All providers are required to support FI_PROGRESS_AUTO. However, if a provider does not natively support automatic progress, forcing the use of FI_PROGRESS_AUTO may result in threads being allocated below the fabric interfaces.
Only wait operations defined by the fabric interface will result in an operation progressing. Operating system or external wait functions, such as select, poll, or pthread routines, cannot.
Manual progress requirements not only apply to endpoints that initiate transmit operations, but also to endpoints that may be the target of such operations. This holds true even if the target endpoint will not generate completion events for the operations. For example, an endpoint that acts purely as the target of RMA or atomic operations that uses manual progress may still need application assistance to process received operations.
Resource management (RM) is provider and protocol support to protect against overrunning local and remote resources. This includes local and remote transmit contexts, receive contexts, completion queues, and source and target data buffers.
When enabled, applications are given some level of protection against overrunning provider queues and local and remote data buffers. Such support may be built directly into the hardware and/or network protocol, but may also require that checks be enabled in the provider software. By disabling resource management, an application assumes all responsibility for preventing queue and buffer overruns, but doing so may allow a provider to eliminate internal synchronization calls, such as atomic variables or locks.
It should be noted that even if resource management is disabled, the provider implementation and protocol may still provide some level of protection against overruns. However, such protection is not guaranteed. The following values for resource management are defined.
The behavior of the various resource management options depends on whether the endpoint is reliable or unreliable, as well as provider and protocol specific implementation details, as shown in the following table. The table assumes that all peers enable or disable RM the same.
Resource | DGRAM EP-no RM | DGRAM EP-with RM | RDM/MSG EP-no RM | RDM/MSG EP-with RM |
Tx Ctx | undefined error | EAGAIN | undefined error | EAGAIN |
Rx Ctx | undefined error | EAGAIN | undefined error | EAGAIN |
Tx CQ | undefined error | EAGAIN | undefined error | EAGAIN |
Rx CQ | undefined error | EAGAIN | undefined error | EAGAIN |
Target EP | dropped | dropped | transmit error | retried |
No Rx Buffer | dropped | dropped | transmit error | retried |
Rx Buf Overrun | truncate or drop | truncate or drop | truncate or error | truncate or error |
Unmatched RMA | not applicable | not applicable | transmit error | transmit error |
RMA Overrun | not applicable | not applicable | transmit error | transmit error |
The resource column indicates the resource being accessed by a data transfer operation.
When a resource management error occurs on an endpoint, the endpoint is transitioned into a disabled state. Any operations which have not already completed will fail and be discarded. For unconnected endpoints, the endpoint must be re-enabled before it will accept new data transfer operations. For connected endpoints, the connection is torn down and must be re-established.

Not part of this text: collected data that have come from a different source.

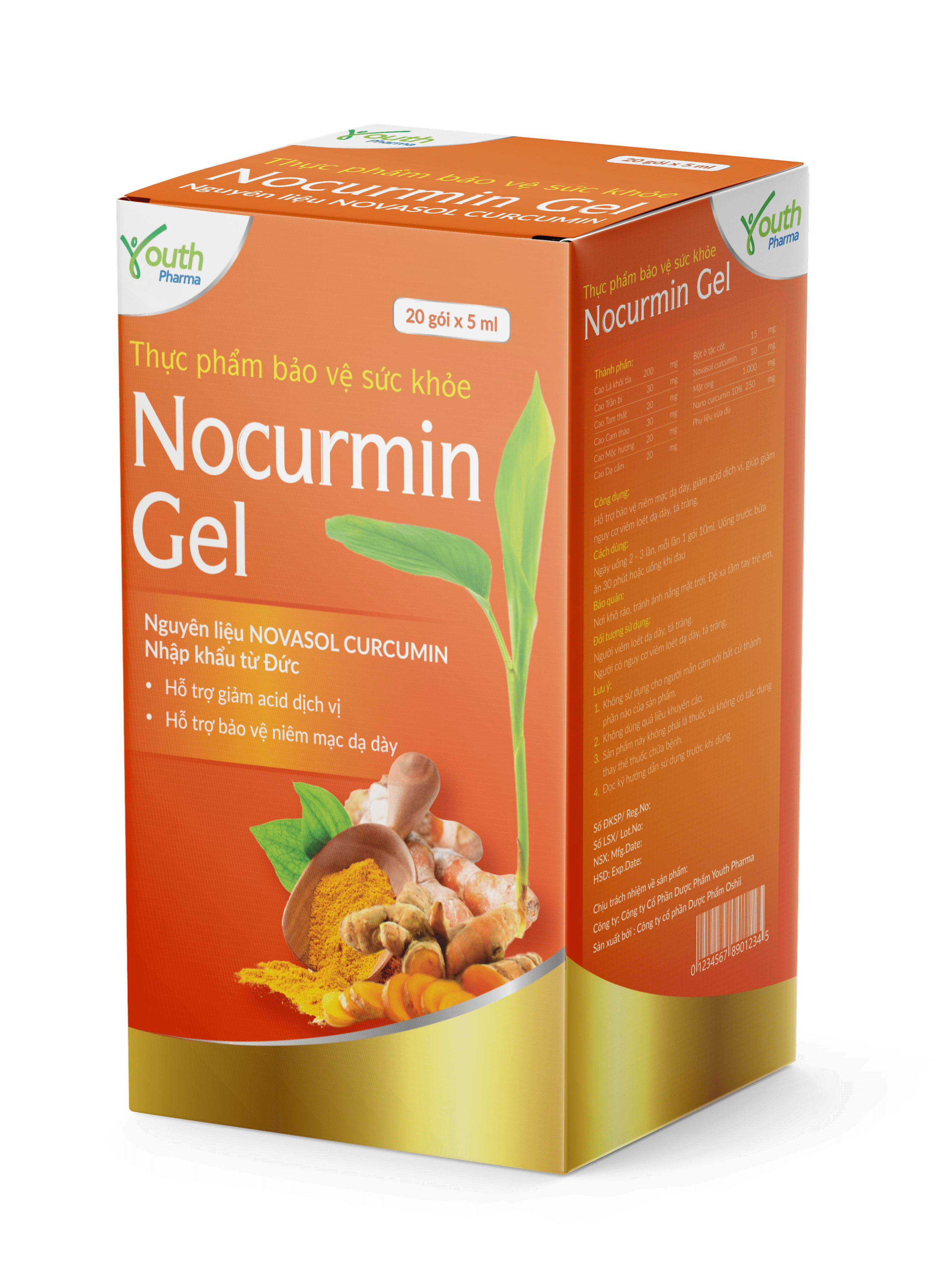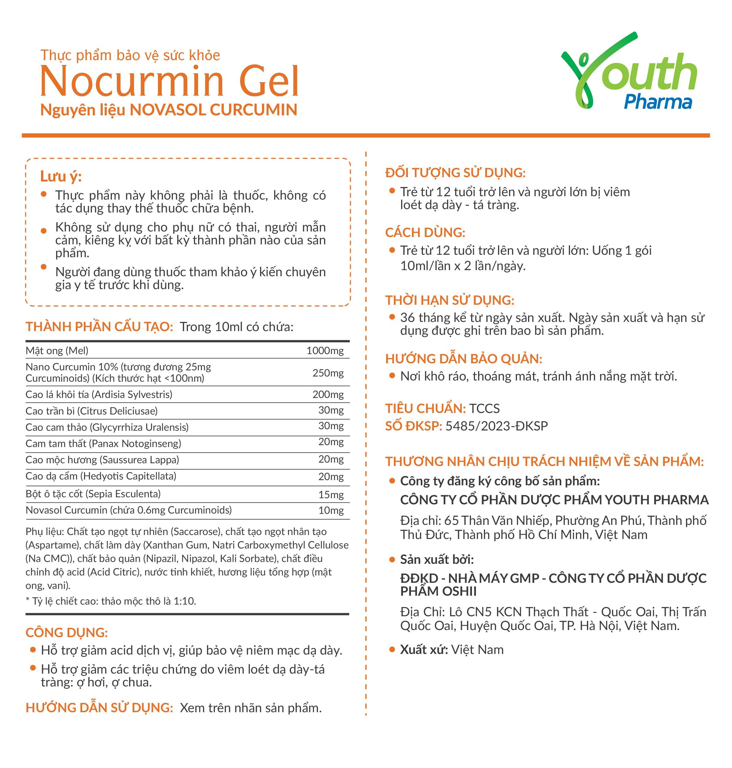 - Thành phần NOCURMIN GEL Mật Ong (Mel) 1000mg, Nano Curcumin 10% (tương đương 25mg Curcuminoids) (Kích Thước Hạt <100nm) 250mg, Cao Lá Khôi Tía (Ardisia Sylvestris) 200mg, Cao Trần Bì (Citrus Deliciusae) 30mg, Cao Cam Thảo (Glycyrrhiza Uralensis) 30mg, Cam Tam Thất (Panax Notoginseng) 20mg, Cao Mộc Hương (Saussurea Lappa) 20mg, Cao Dạ Cẩm (Hedyotis Capitellata) 20mg, Bột Ô Tặc Cốt (Sepia Esculenta) 15mg, Novasol Curcumin (chứa 0.6mg Curcuminoids) 10mg. Phụ liệu: Chất tạo ngọt tự nhiên (Saccarose), chất tạo ngọt nhân tạo (Aspartame), chất làm dày (Xanthan Gum, Natri Carboxymethyl Cellulose (Na CMC)), chất bảo quản (Nipazil, Nipazol, Kali Sorbate), chất điều chỉnh độ acid (Acid Citric), nước tinh khiết, hương liệu tổng hợp (mật ong, vani).
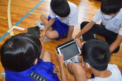 夏休みが明けて暑さがまだまだ厳しい状態ですが、子どもたちは元気よく登校して、笑顔で友達と夏休みの思い出を語り合っていました。学年集会では、職場体験に向けてのアンケートをタブレットで行ったり、夏休み中に活躍した生徒の紹介や部活動の表彰を行ったりしました。
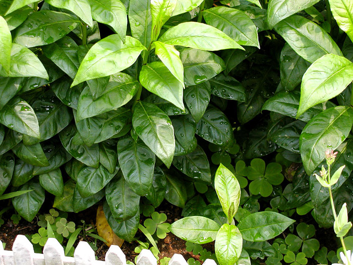 影になった葉や奥にある葉には雨粒が残っています。光が反射しています。
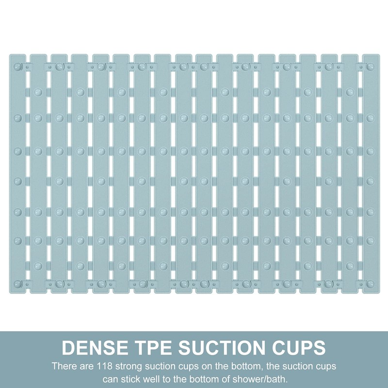 - PERFECT DRAINAGE SYSTEM: The stripe design is elevated with drain hole slotted panels allowing the water/soap/hair/air/etc flow underneath and not accumulate around your feet is wonderful, it make the mat keep clean , roll it up and stand it on the edge can quick dry

There is one notable restriction on the protections offered by resource management. This occurs when resource management is enabled on an endpoint that has been bound to completion queue(s) using the FI_SELECTIVE_COMPLETION flag. Operations posted to such an endpoint may specify that a successful completion should not generate a entry on the corresponding completion queue. (I.e. the operation leaves the FI_COMPLETION flag unset). In such situations, the provider is not required to reserve an entry in the completion queue to handle the case where the operation fails and does generate a CQ entry, which would effectively require tracking the operation to completion. Applications concerned with avoiding CQ overruns in the occurrence of errors must ensure that there is sufficient space in the CQ to report failed operations. This can typically be achieved by sizing the CQ to at least the same size as the endpoint queue(s) that are bound to it.
Specifies the type of address vectors that are usable with this domain. For additional details on AV type, see fi_av(3). The following values may be specified.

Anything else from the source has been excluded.